The left have always been too stupidly wedded to what they fail to recognise is a right-wing, profit-driven idea of progress to see that most mothers don’t relish the exhausting treadmill of being forced to rise in the dark and drop a small baby off at créche before sitting in traffic for an hour to get to work, and then repeating that all over again in the evening – with these Herculean efforts leaving just enough to pay your mortgage. The inevitable outcome has been fewer children and now a fertility crisis which means we may all be working until we’re 70.
Then there were the ferocious and wholly discriminatory economic penalties: Fianna Fáil, with one finger raised to Dev’s constitution, introduced tax individualisation which forced families where one parents was full-time at home to pay thousands every year in additional taxes.
Since the vast majority of parents at home are women, it is a punishment meted out to mothering, pure and simple. Yet there has been nothing but silence from the NWCI on that discrimination.
I’ve always found a great comradeship amongst mothers: whether working full-time, part-time or in the home.
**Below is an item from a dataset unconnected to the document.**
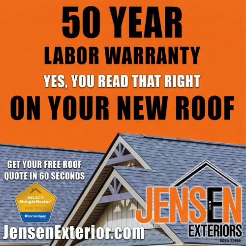 For more than 40 years, homeowners have trusted Jensen Exteriors Roofing and Siding for high-quality roof and siding replacements designed to protect your home and elevate its curb appeal. If your roof is aging, worn out, or ready for an update, now is the perfect time to invest in a durable new roofing system built to handle the elements year after year. Every installation is completed with premium materials and backed by our up to 50 year labor warranty for total peace of mind.

We’re all joined in that loose fellowship of muddling through the sleepless nights and the exhaustion and the general nagging worries – and, on the flipside, the sloppy kisses from toddlers and the special love of family wrapping around the special and unique joy your children bring.
In general, women aren’t looking to denigrate each other, and in general we all recognise that the work of raising a child is infinitely more important than gender quotas in the workplace or achieving business targets.
And the Constitution recognises that. As numerous experts, including Supreme Court Judge Marie Baker, the Chair of the Electoral Commission, has clarified, Article 41 does not say “a woman’s place is in the home,” but instead states that mothers provide an “important support” to society and shouldn’t be forced out to work due to “economic necessity”.
On Neill Prendeville’s show, Catherina, a nurse and a mother tackled the framing of the current debate around the word ‘duties’ in the Constitution. Article 41, she said, recognised the value of the work done by mothers – and supported that choice for women, a support of parents’ rights and duties she said other constitutions also recognised.
“The astronomical cost of living” she said, was preventing families from having real choices, and she pointed out that she had duties as a mother in the same way that she had duties as a nurse towards her patients.
She is part of a “Women and Mothers United” group who say they want all women to have a choice between going out to work or staying at home. They argue that Article 41.2 tries to protect this choice, but that the State has failed women and families because they have failed to uphold that constitutional right.
The constitution “gives me acknowledgment,” another woman, Aoife, said on the programme – adding she felt the government’s proposal was an “attack on motherhood”, and that families were already unsupported by the state in having and raising children.
She’s correct. The outright contempt, and the tax penalties, women endured from the establishment because we prioritised our role as mothers, should have led us to storm the Dáil long ago. But we were too busy raising the kids, I suppose.
On Friday, we can stand up for our rights and our choices by voting No to this mother-deleting proposal. Given that we’ve had 30 years of misinformation regarding what the Constitution actually says, it might be the case that disinformation wins the day. But I’ll be voting No nonetheless.